Collected material below:
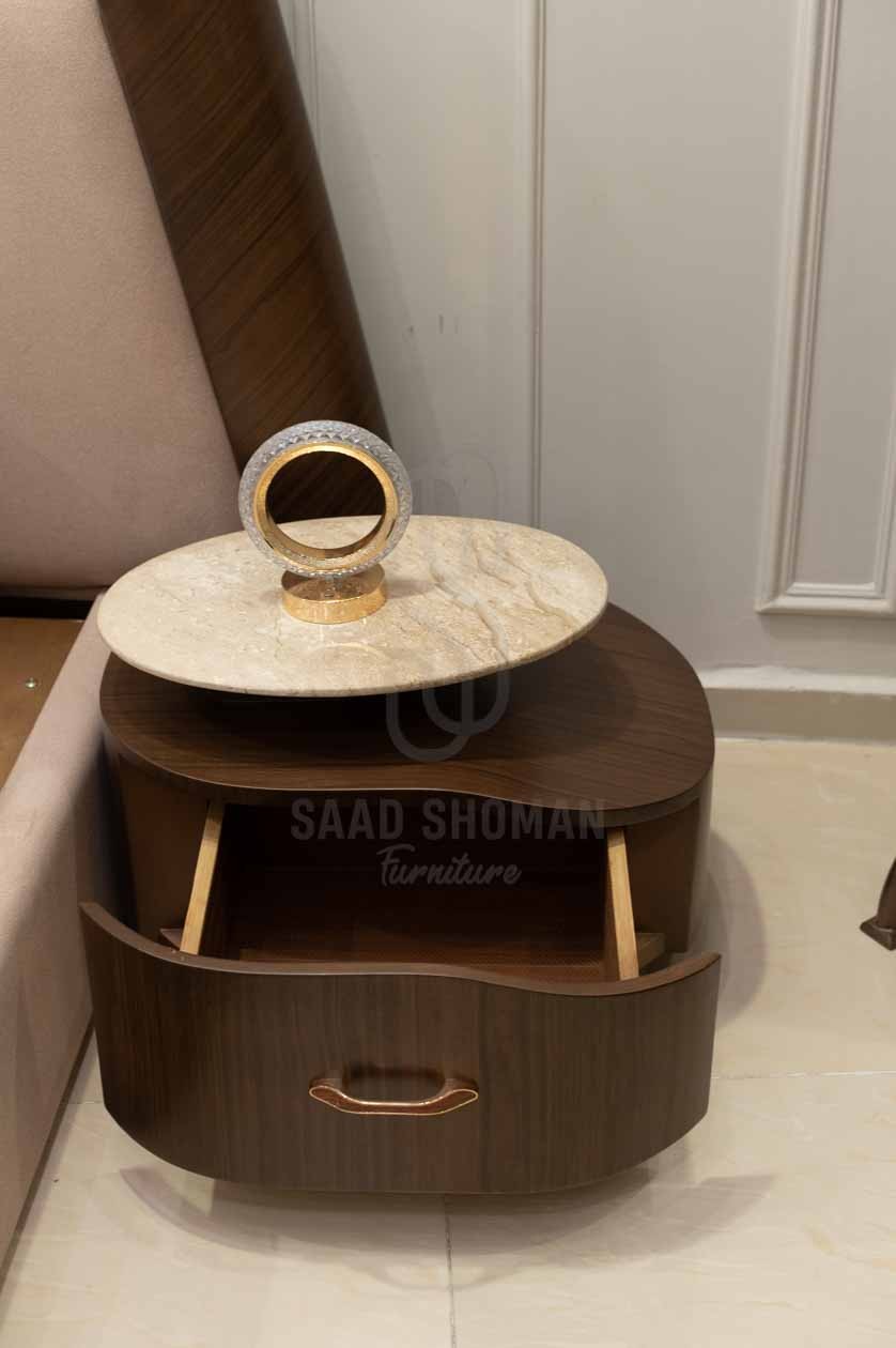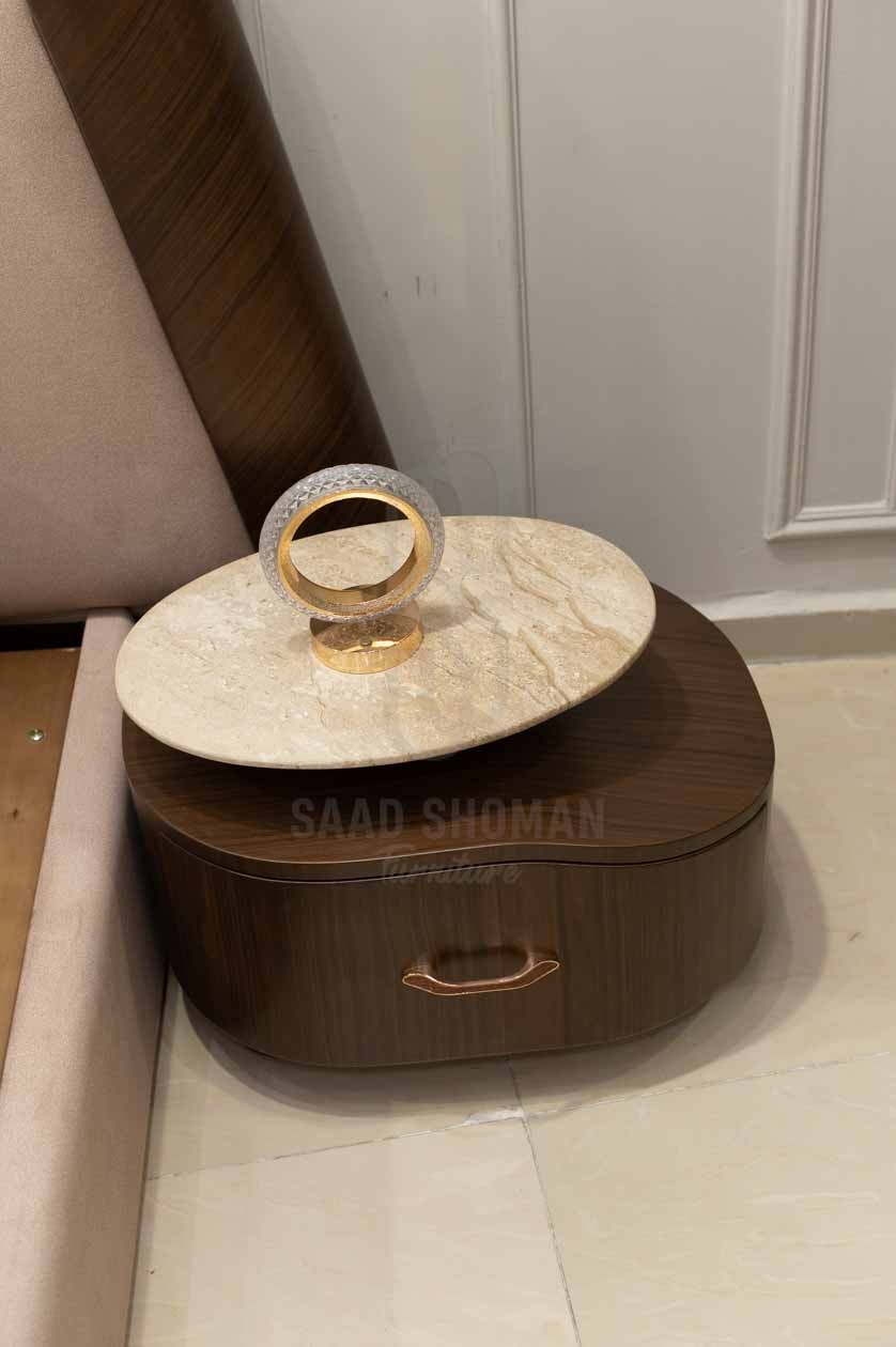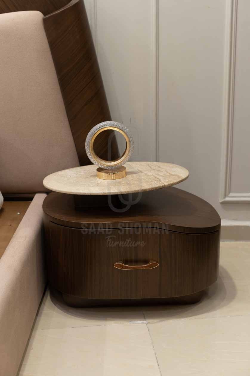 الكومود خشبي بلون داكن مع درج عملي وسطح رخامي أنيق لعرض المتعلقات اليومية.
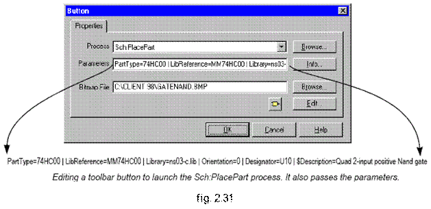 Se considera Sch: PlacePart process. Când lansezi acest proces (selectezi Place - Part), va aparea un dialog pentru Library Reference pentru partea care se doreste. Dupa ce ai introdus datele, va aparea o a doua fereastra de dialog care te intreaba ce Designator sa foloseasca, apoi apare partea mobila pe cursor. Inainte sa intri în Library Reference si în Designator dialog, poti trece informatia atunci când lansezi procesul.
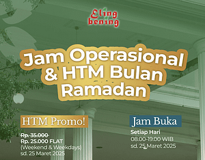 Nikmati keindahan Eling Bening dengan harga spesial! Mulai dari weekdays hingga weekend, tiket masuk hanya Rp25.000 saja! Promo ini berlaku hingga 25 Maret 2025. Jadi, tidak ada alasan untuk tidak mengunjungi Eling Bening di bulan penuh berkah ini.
End of Collected material.
Could you write out the whole listing exactly, skipping every picture?

 الكومود خشبي بلون داكن مع درج عملي وسطح رخامي أنيق لعرض المتعلقات اليومية.
 Se considera Sch: PlacePart process. Când lansezi acest proces (selectezi Place - Part), va aparea un dialog pentru Library Reference pentru partea care se doreste. Dupa ce ai introdus datele, va aparea o a doua fereastra de dialog care te intreaba ce Designator sa foloseasca, apoi apare partea mobila pe cursor. Inainte sa intri în Library Reference si în Designator dialog, poti trece informatia atunci când lansezi procesul.
 Nikmati keindahan Eling Bening dengan harga spesial! Mulai dari weekdays hingga weekend, tiket masuk hanya Rp25.000 saja! Promo ini berlaku hingga 25 Maret 2025. Jadi, tidak ada alasan untuk tidak mengunjungi Eling Bening di bulan penuh berkah ini.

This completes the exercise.